What is needed :: Everything in the records below from the line containing "La alcaldesa de" through the line containing "外国語(英語)学習に、サンタ" is to be reproduced exactly, those two lines included; no picture is to be copied.

START Input records

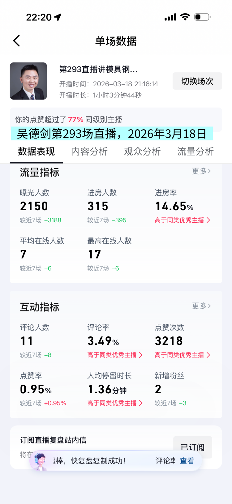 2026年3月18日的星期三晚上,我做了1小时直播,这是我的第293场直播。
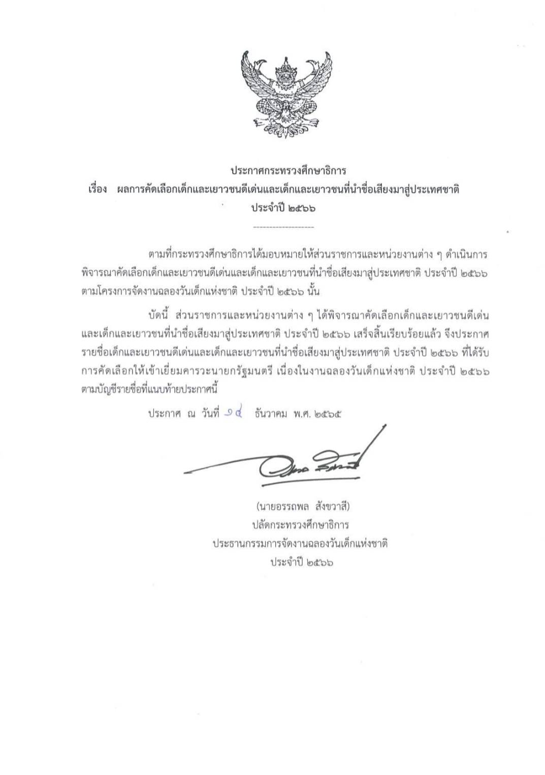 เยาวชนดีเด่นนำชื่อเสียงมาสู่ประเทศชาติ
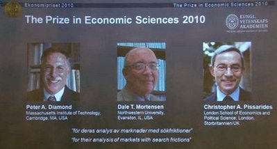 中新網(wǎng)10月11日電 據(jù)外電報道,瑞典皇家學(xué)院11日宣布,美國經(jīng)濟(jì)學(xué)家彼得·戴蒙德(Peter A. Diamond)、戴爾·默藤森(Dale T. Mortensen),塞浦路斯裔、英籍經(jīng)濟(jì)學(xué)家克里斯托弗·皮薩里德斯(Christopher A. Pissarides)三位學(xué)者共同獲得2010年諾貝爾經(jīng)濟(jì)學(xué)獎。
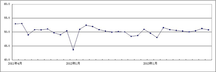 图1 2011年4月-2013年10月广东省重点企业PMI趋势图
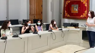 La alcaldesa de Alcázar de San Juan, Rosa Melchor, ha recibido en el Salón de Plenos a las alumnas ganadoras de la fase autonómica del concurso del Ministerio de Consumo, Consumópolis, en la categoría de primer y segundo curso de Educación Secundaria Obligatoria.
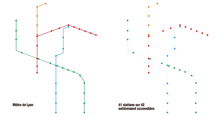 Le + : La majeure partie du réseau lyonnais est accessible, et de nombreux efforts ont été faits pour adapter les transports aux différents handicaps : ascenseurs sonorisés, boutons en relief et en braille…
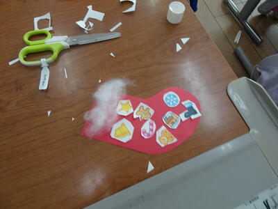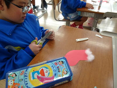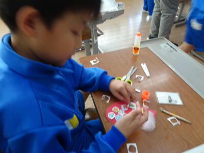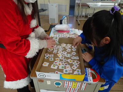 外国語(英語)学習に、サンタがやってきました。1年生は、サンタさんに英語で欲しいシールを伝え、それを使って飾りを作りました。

END Input records
START Input records

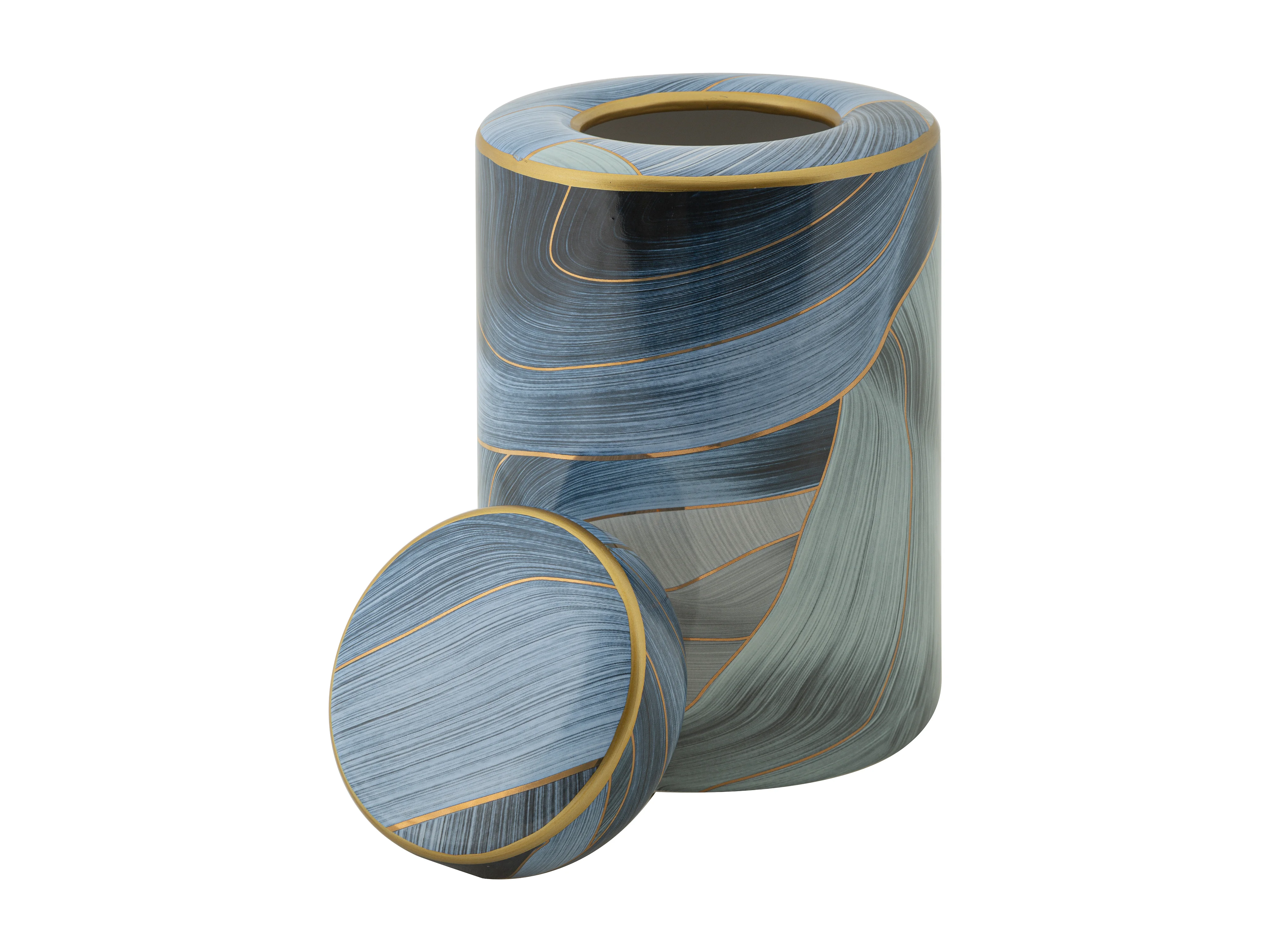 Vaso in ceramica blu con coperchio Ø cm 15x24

END Input records

Task response ::
 La alcaldesa de Alcázar de San Juan, Rosa Melchor, ha recibido en el Salón de Plenos a las alumnas ganadoras de la fase autonómica del concurso del Ministerio de Consumo, Consumópolis, en la categoría de primer y segundo curso de Educación Secundaria Obligatoria.
 Le + : La majeure partie du réseau lyonnais est accessible, et de nombreux efforts ont été faits pour adapter les transports aux différents handicaps : ascenseurs sonorisés, boutons en relief et en braille…
 外国語(英語)学習に、サンタがやってきました。1年生は、サンタさんに英語で欲しいシールを伝え、それを使って飾りを作りました。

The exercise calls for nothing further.